16~17 Side Akito 01話

『翠葉です』

 部屋に響いた彼女の声がいつもと違った。

 いつもなら、申し訳なさや不満といった声音が含まれるのに、今日はどこか清々しささえ感じる。

 不思議に思いつつドアを開けると、嬉しそうな顔をした彼女が立っていた。

「いらっしゃい」と中へ入れると、

「秋斗さん、聞いてくださいっ!」

 俺が訊くまでもなく話してくれるようだ。

「何かいいことあった?」

 訊けば、入ってきたときより嬉しそうに笑みを見せた。

 こんなに嬉しそうに笑う彼女を見たのはどのくらい久しぶりだろう。

 授業が終わると、楽しそうに笑いながら海斗たちとテラスを歩いて図書棟へ来る。その姿をこの部屋からいつも見ていたけれど、今の笑顔とは別のもの。

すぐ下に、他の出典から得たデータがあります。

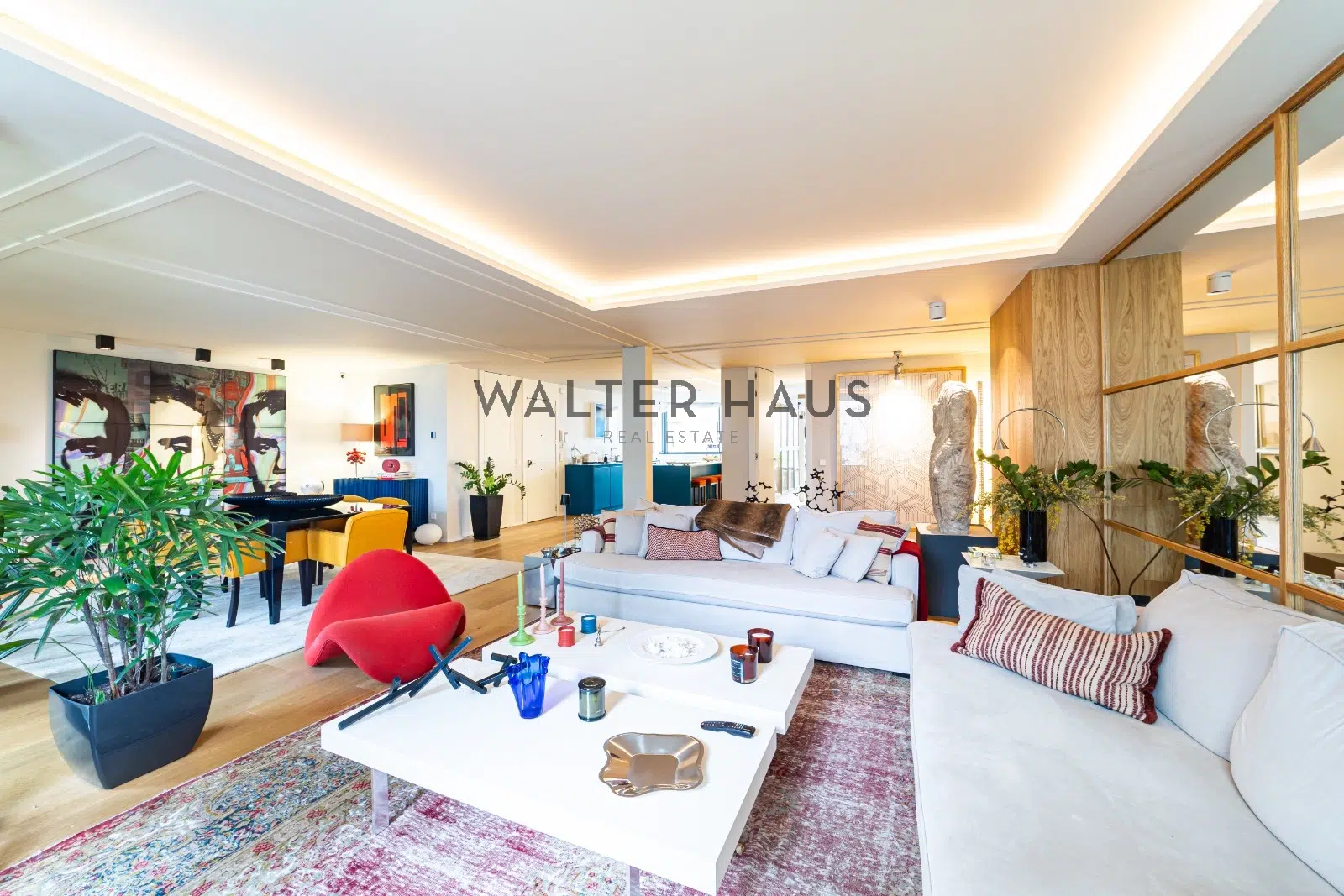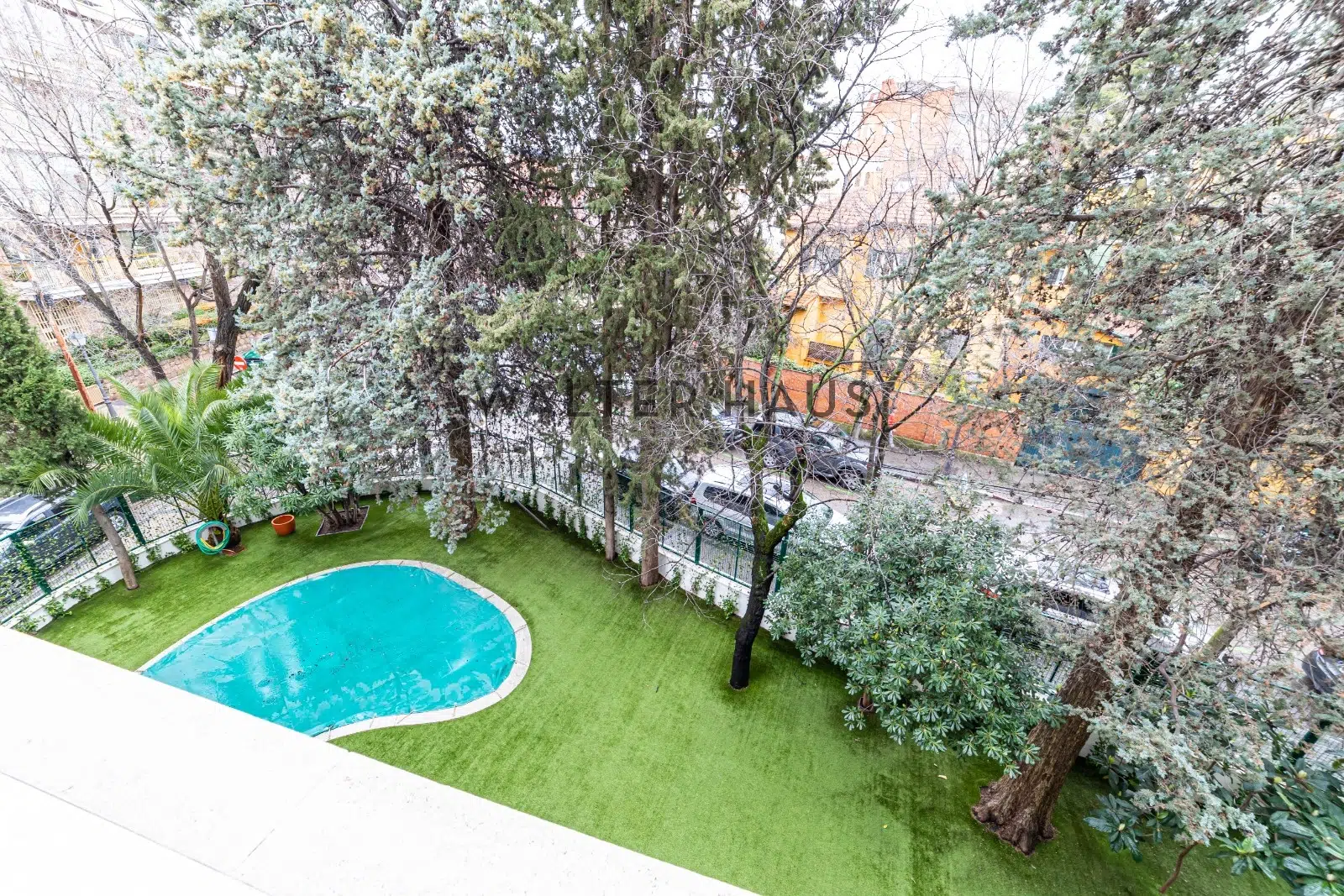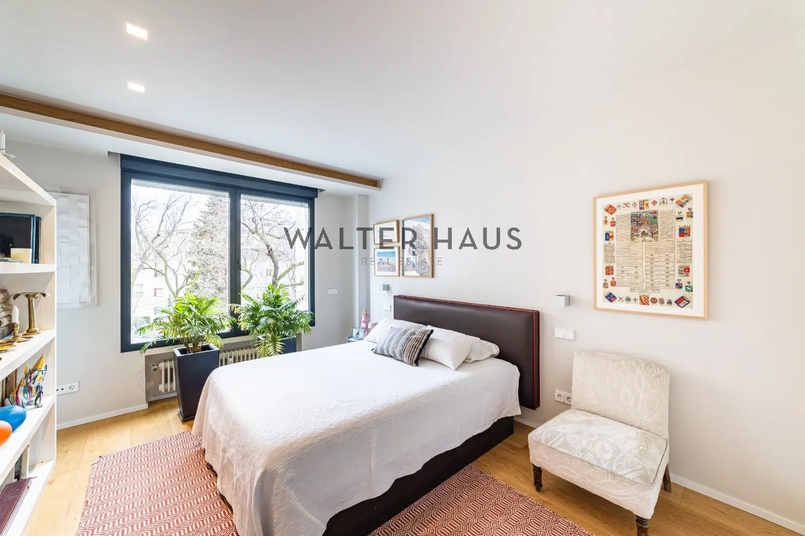 Cet appartement de 180 m² est situé dans l’un des quartiers les plus calmes et verdoyants de la capitale. Situé au deuxième étage, il a été entièrement rénové il y a seulement deux ans, avec des matériaux de haute qualité pour créer des espaces modernes et fonctionnels. L’aménagement intérieur privilégie les volumes, avec un vaste séjour-salle à manger qui s’ouvre harmonieusement sur une cuisine équipée d’un coin repas. L’appartement se prolonge vers l’extérieur par une agréable terrasse de 10 m², offrant une vue imprenable sur la verdure environnante et une sensation de tranquillité constante.

 彼女が頬を紅潮させるほどに嬉しいことってなんだろう……?

 その血色の良さは薬の効果?

 翠葉ちゃん……君がみんなと図書室に来たあと、「お水を買いに行く」という口実で再度外に出て、自販機でミネラルウォーターを買ってすぐにあるものを飲んでいること、俺も湊ちゃんも気づいているんだよ。

 君はきっと誰にも気づかれていないと思っているんだろうね。

 最初は頓服薬でも飲んでいるのだろうと思った。「違う」と知らせたのは彼女のバイタル。

 その数値変動は以前に一度だけ見たことのあるものだった。

 俺と藤山でデートする日の朝に見たものと同じ。

 つまり、彼女が滋養強壮剤なるものを飲んでいるということ。

 テスト最終日の火曜日には、数値の変動もなければ彼女が図書室を出てミネラルウォーターを買いに行くこともなかった。

 その行動を取り始めたのは水曜日から。

 夕方に必ず休憩を入れろ、と湊ちゃんに言われたあとからだ。

 その翌日には服用を開始し、「眠れないから休みたくない」と噛み付いた。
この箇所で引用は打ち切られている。